I just finished watching a documentary about the rise and fall of the BBC’s Third Programme, an ambitious attempt to make an unashamedly ‘high culture’ music and speech programme on the radio after WWII. The documentary interestingly put it into a wider cultural context – it was part of a general feeling among politicians and cultural elites at the time that during and after the war the public needed access to the opportunity to ‘improve itself’ through appreciation and consumption of the best of what the arts could offer.
It’s a rather outmoded idea now but I can’t help admiring the idealism of those times. The programme argues that the Third Programme was killed off by both hostility towards elitism in the 50s and the general availability of more and more competing cultural products. This sounds to me reminiscent of what happened to high-minded dissident authors in Eastern Europe when their art was no longer suppressed and they found, ironically, their market and popular support collapsed.
The wheel seems to have come full circle here in the UK with the launch of BBC 4, a digital TV station with some of the same “no compromise” ethos. It has faced similar criticism because of its high budget per viewer but it has been generally agreed that in a massively multichannel world there is once again room for an island of highbrow-ness to exist.
P.S. I seem to be getting the Wikipedia habit – I found a halfway useful Wikipedia entry on the Third Programme (linked above) and couldn’t resist spending a half hour or so correcting it and adding the details I could…

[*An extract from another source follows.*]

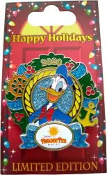 Paradise Pier Hotel - Donald Duck Wreath is a Limited Edition (LE) 1000 pin from the Resort Holiday Collection 2020: Glitter Wreaths pin series. It was originally released in November, 2020 and was available from Disneyland Resort .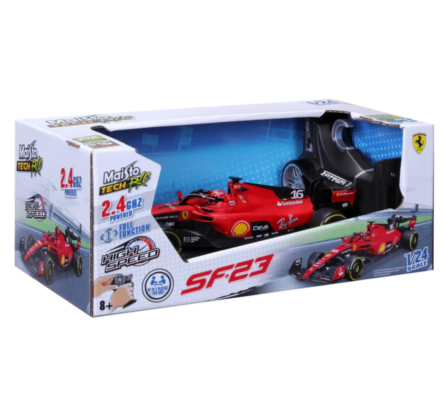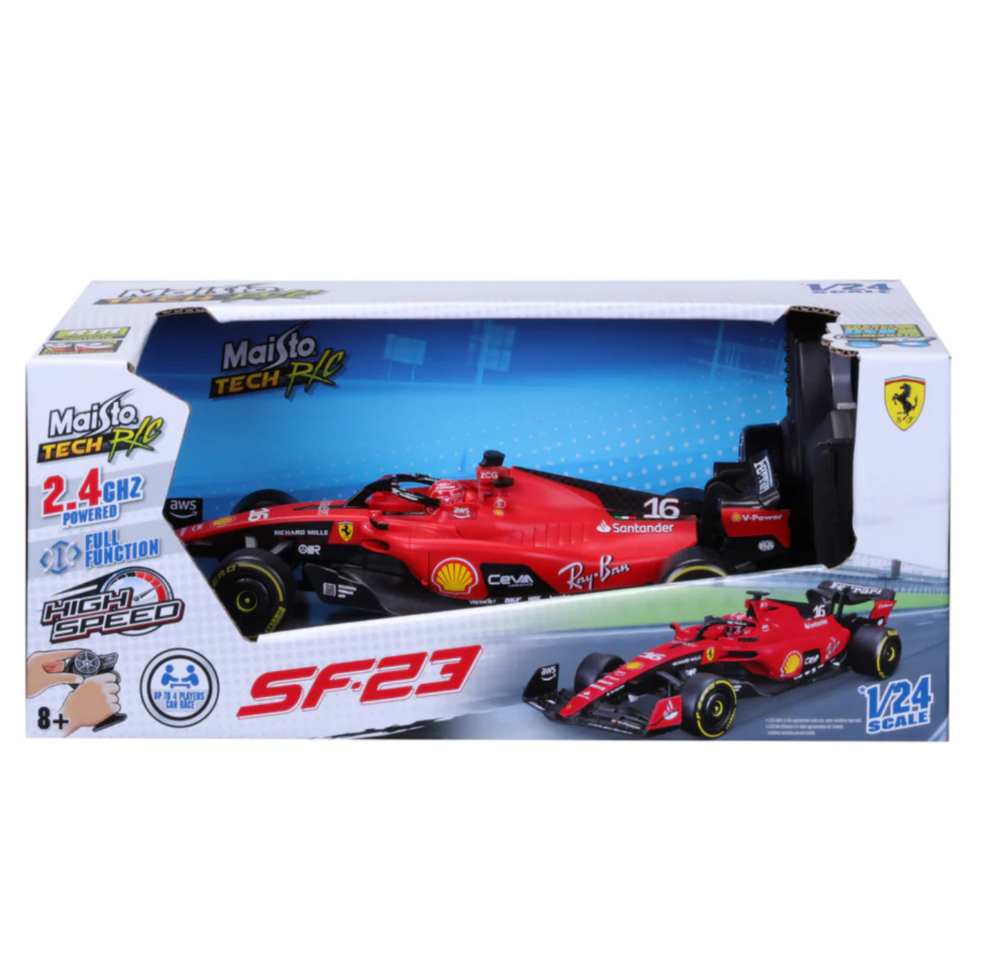 Introducing the MAISTO TECH 1:24 RC PREMIUM - F1 FERRARI SF-23. Get ready to experience the thrill of racing right at your fingertips! This remote-controlled Ferrari SF-23 is a dream come true for all F1 enthusiasts.

P.P.S. In my search for web stuff relating to the Third Programme (there was disappointingly little) I came across this Third Programme magazine – an online site about broadcasting put out by the rather interesting Transdiffusion Broadcasting System, “a not-for-profit historical society dedicated to documenting and preserving broadcasting history” (which alas doesn’t seem to have an article dedicated to the Third Programme itself).